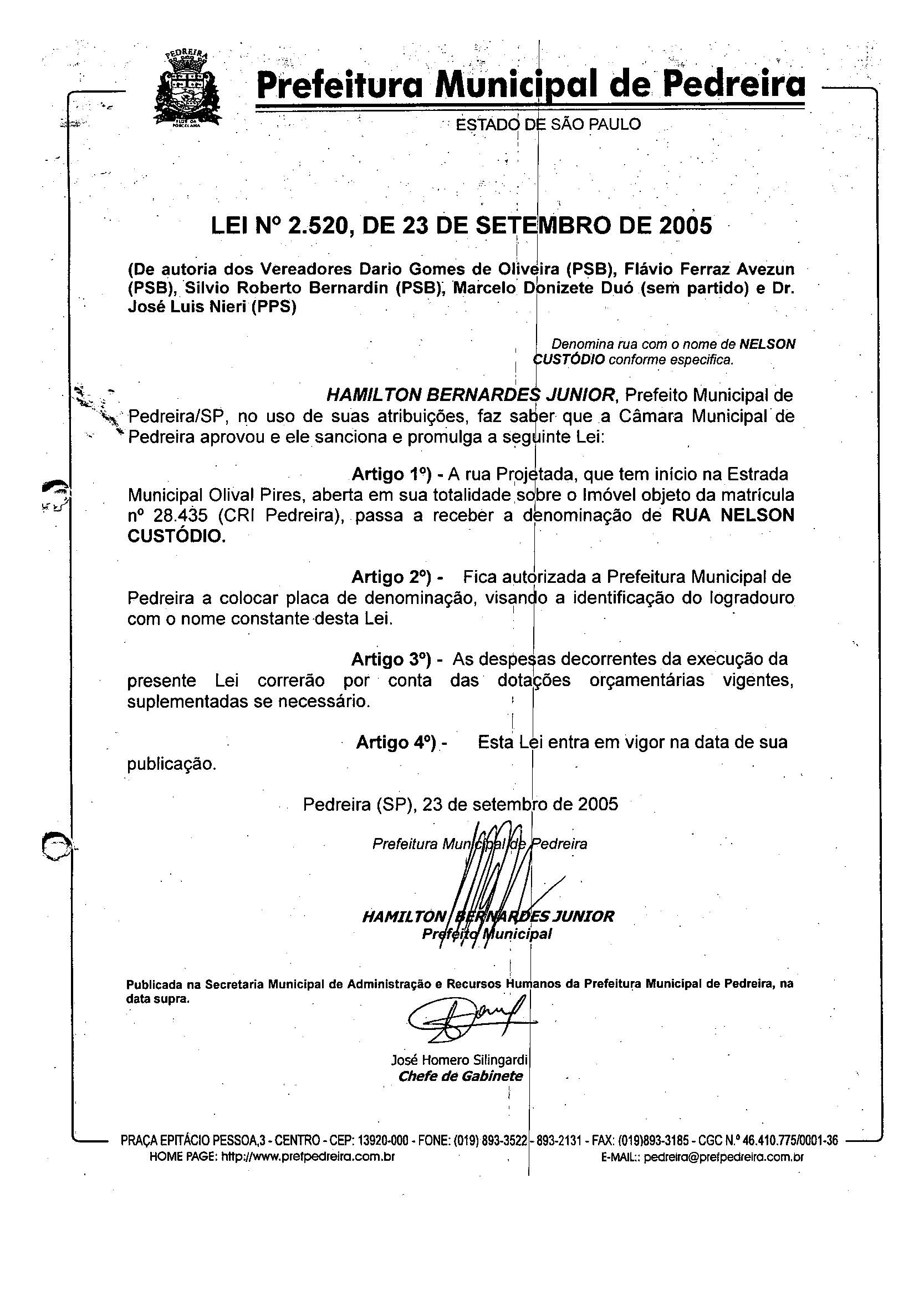 Ementa: Denomina rua com o nome de NELSON CUSTÓDIO conforme especifica.
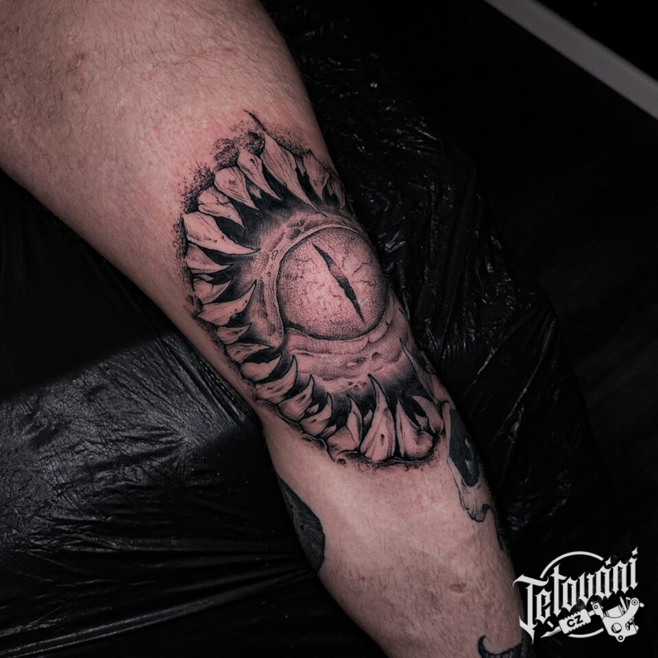 Tetování oko hada na koleno
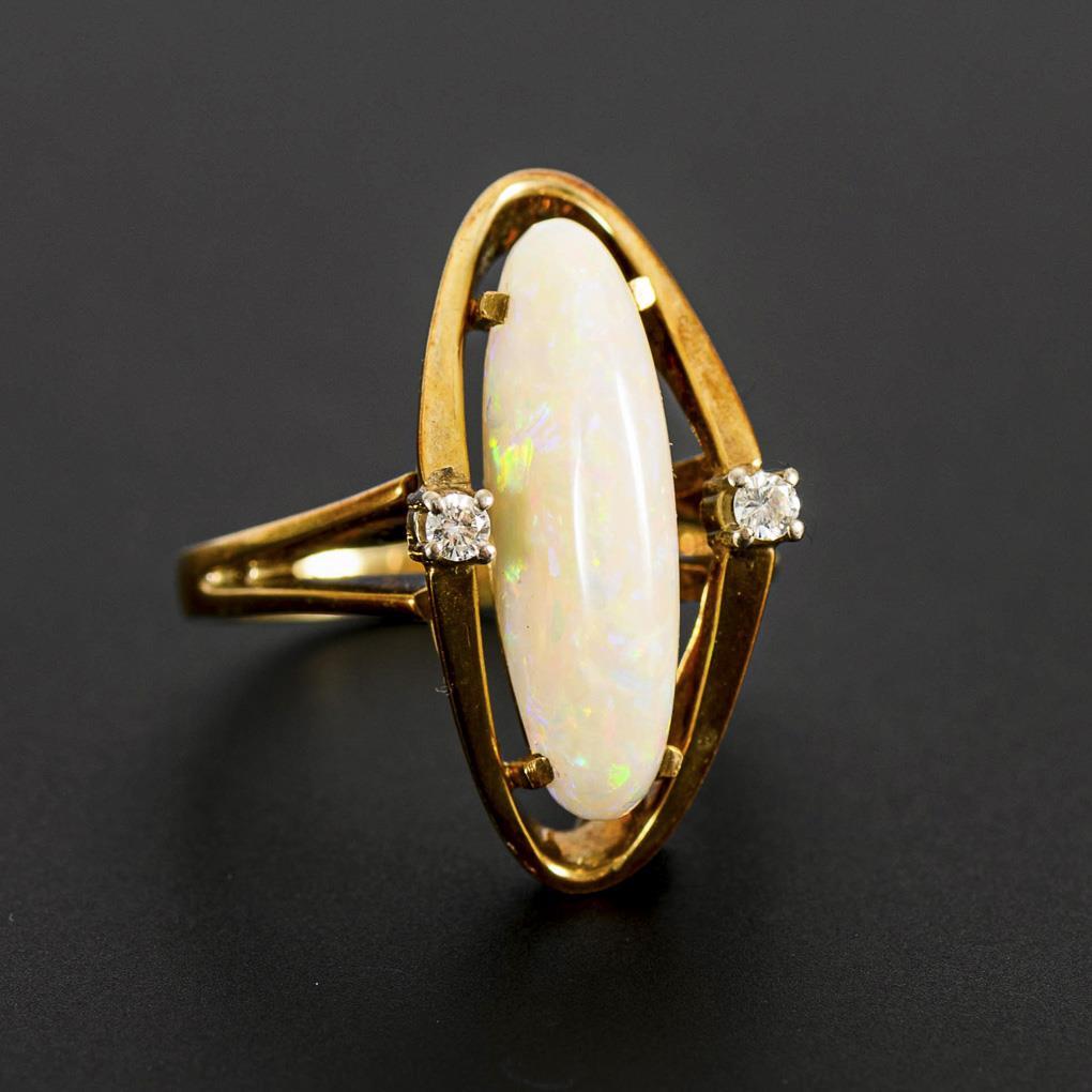 Claw-set cabochon between 2 small brilliant-cut diamonds. Narrow rail. Ring head base partially tarnished.

- WHAT THIS TASK INVOLVES -
Copy the full listing above exactly, apart from the pictures.

- FINISHED TASK -
 Ementa: Denomina rua com o nome de NELSON CUSTÓDIO conforme especifica.
 Tetování oko hada na koleno
 Claw-set cabochon between 2 small brilliant-cut diamonds. Narrow rail. Ring head base partially tarnished.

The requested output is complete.